Nos gouvernements tendent à exclure, voire à diaboliser, une partie de l’électorat. Ce phénomène, combiné à des dissensions internes qui les paralysent, conduit à des bouffées de colère qui prennent la forme de tentatives de coups d’État.
  • La Commune. La commune ressemble à un règlement de comptes, qui serait à la fois une guerre de religion et une sorte d’expiation de la défaite de 70 (comme en 1940 ?). Paris est évacué, puis ce qui reste de sa population est massacré. Début de notre tradition de l’affrontement sectaire ? À noter qu’un troisième parti, les radicaux,  a essayé de jouer les médiateurs entre les adversaires. Débarrassé de son aile gauche, il va désormais pouvoir dominer la politique française.
  • 16 mai 1877. 1877 semble être la réelle naissance de la 3ème République, et la défaite finale de la monarchie. Le 16 mai s’affrontent Mac Mahon, président de la République et orléaniste, et la chambre, de gauche. C’est elle qui gagne. La gauche aura une majorité durable. Mais, si ses partis  parviennent à s’allier pour gagner les élections, ils se haïssent trop pour pouvoir gouverner. Ce qui conduit à un régime faible, et à une droite qui se sent minorité opprimée, et qui est prête à tous les coups tordus.
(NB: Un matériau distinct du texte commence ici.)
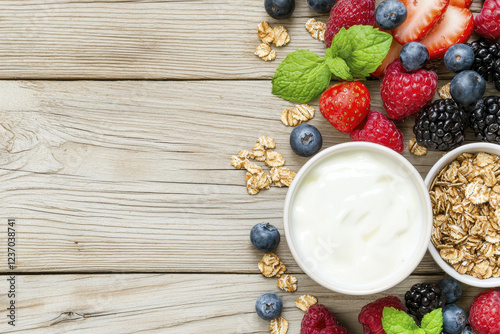 Fresh healthy breakfast with yogurt, granola, and mixed berries. Enjoy nutritious start to your day

  • Le Boulangisme. La République ayant fait des exclus, en 1887, ils vont tenter de se venger. Ils trouvent dans le général Boulanger le chef charismatique dont ils ont besoin. Mais il ne sera pas à la hauteur de l’événement. Début des mouvements de masse et populistes.
  • L’affaire Dreyfus. En France, il est normal d’être antisémite, mais pas de condamner un innocent. C’est peut être ce qu’il faut retenir de l’affaire Dreyfus. C’est aussi la naissance, et la première victoire, des « intellectuels ». Mais c’est certainement la droiture de quelques officiers de l’armée qui mérite d’être remarquée.
  • 6 février 34. Les forces coalisées d’une droite revancharde et du PC profitent de l’affaire Stavisky pour attaquer un gouvernement de gauche dysfonctionnel, mais soutenu par le peuple. Ça ne marche pas mais cela conduit à une forme de guerre civile larvée et suicidaire. La gauche prétextera d’une lutte contre le fascisme, qu’elle croit français, pour ne pas apporter les réformes nécessaires au gouvernement, et ignorer la montée du nazisme.
  • 10 juillet 40. Paul Reynaud aurait pu être l’homme de la situation. Mais il manque de souffle. Pétain et surtout Laval profitent de l’éternelle faiblesse du régime pour faire un coup d’État et imposer leur vision médiocre, et revancharde, du monde.
  • 13 mai 58. Guerre d’Algérie. Cette fois-ci l’armée se croit une mission, elle aussi a des comptes à régler. Le gouvernement en place, comme d’habitude, est trop divisé pour pouvoir réagir. De Gaulle arrive, transforme la constitution, et règle le problème, endémique, d’instabilité gouvernementale.
  • Mai 68. Mai 68 est l’histoire d’une sorte de baby boom étudiant mondial, mais qui, en France, va, en se heurtant à la rigidité de la société gaulliste, exploser.